-- Provided data follows --
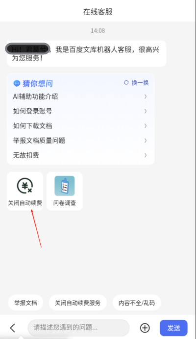 3、点击后进入在线客服界面后,会在对话框中直接出现【关闭自动续费】的选项,点击一下该选项;
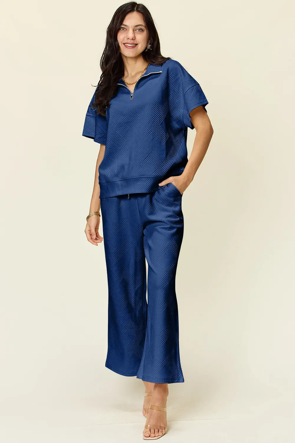 Double Take Full Size Texture Half Zip Short Sleeve Top and Pants Set
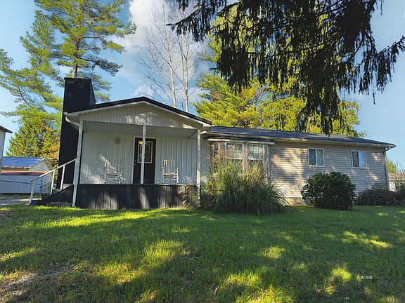 Take Me Out to the Ball Game! Situated across from the well-maintained Wellston Recreation Complex, this property offers a clean home with updates, and potential for rental income. The gravel driveway allows for multiple entry points. Catch a soccer game from the font porch (or baseball with some trimming). Step inside to find a spacious living room with gas fireplace, as well as space for an entertainment center, and plenty of seating. Because the home was purchased with a USDA loan, the fireplace was sealed before owner took possession; they have never used it. To your left is the eat-in kitchen with 2-year-old appliances, by the laundry area with updated half-bath. Down the main hall, find an updated full bathroom, oversized owner's bedroom with two closets, and a second bedroom, also with two closets. Stepping outside, find a storage shed and a garage with more than meets the eye! There is an apartment area above, doors sealed due to USDA requirements. Power is turned off and owner has never used water heater, but the potential is there to breathe life into this apartment for extended family or supplemental income! With cozy gas heat, metal roof, and LVP throughout, this home is quite the catch!
-- Provided data concluded --
* _What you will do_
Only an exact copy is needed: the lines from the opening of the listing through the line with "Double Take Full", both included, minus the pictures.

* _Answer to the exercise_
 3、点击后进入在线客服界面后,会在对话框中直接出现【关闭自动续费】的选项,点击一下该选项;
 Double Take Full Size Texture Half Zip Short Sleeve Top and Pants Set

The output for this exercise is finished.